My answer to them is: “This is what I live for. That’s what I like to do. I don’t know how many restaurant openings I have left in me. I’ll milk it any minute. “
2 pound veal shell cut round into two inch strips
1 tbsp black pepper, freshly ground
1/2 cup bacon fat (or canola oil)
3/4 cup green bell peppers, diced
3 cups chicken stock, hot
1 cup tomatoes, peeled, large cubes
• Put one to two tablespoons of bacon fat in a large heavy pan and set it on high heat. Season the meat with a teaspoon of the freshly ground pepper and kosher salt. Put the meat in a hot pan. After browning, take the meat out of the pan.
• Put the rest of the bacon fat in the pan. After melting, lower the heat and slowly stir in the flour. Cook for three to four minutes. Add the onion, shallot, celery, paprika, thyme and garlic. Continue cooking the roux for four to five minutes. Using a wire whip, stir in the hot chicken stock, red wine, bay leaf and tomatoes and bring to the boil.
• Re-add veal to the mixture and cook over very low heat for two to three hours, stirring occasionally. When the meat is tender, stir in the hot sauce, the remaining black pepper and the salt.

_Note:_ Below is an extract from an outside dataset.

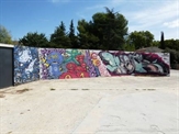 En extérieur, les murs disponibles sont confiés à des artistes qui réalisent des fresques pour accueillir les visiteurs. On y trouve également des installations posées là lors d’événements ainsi que le bus à impérial « Otocar » peint par Speed Graphito en 1993.
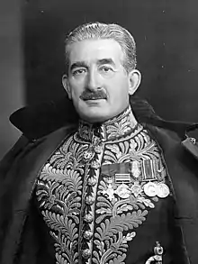 Hennessy, a Franco-Irish aristocrat, served in the First World War as a Major in the King's Royal Rifle Corps and on the Staff of the 8th Division. In 1918 he was elected to parliament for Winchester, a seat he held until 1931, and served under Bonar Law and Baldwin as a Junior Lord of the Treasury from 1922 to 1924 and from 1924 to 1925, as Vice-Chamberlain of the Household from 1925 to 1928 and as Treasurer of the Household from 1928 to 1929. Hennessy held the latter position also from September to November 1931 in the National Government of Ramsay MacDonald. From 1931 to 1941 he was Vice-Chairman of the Conservative and Unionist Party. Hennessy was created a Baronet, of Windlesham in the County of Surrey, in 1927,[1] and on 22 February 1937 he was raised to the peerage as Baron Windlesham, of Windlesham in Surrey.[2]

• Prepare garlic cheese grains during the last 30 minutes of cooking. Place the groats on a serving platter and cover with grilled meat.
1 tbsp bacon fat or clarified butter
1/2 pound andouille sausage, medium cubes
2 tablespoons of creole spice
1 cup white grains, cook quickly
1 cup of cheddar cheese, grated
• Heat clarified butter in a large pan. Add andouille and garlic and sauté for 4–5 minutes.
• Remove from the heat and drain excess fat using a fine-mesh sieve. Set aside andouille and garlic.
• Bring the milk, spices and butter to the boil in a large saucepan. Slowly pour in the grains, stirring constantly. Reduce heat. Continue stirring for 15 minutes. Add the sautéed andouille and garlic mixture and cheese. Serve immediately.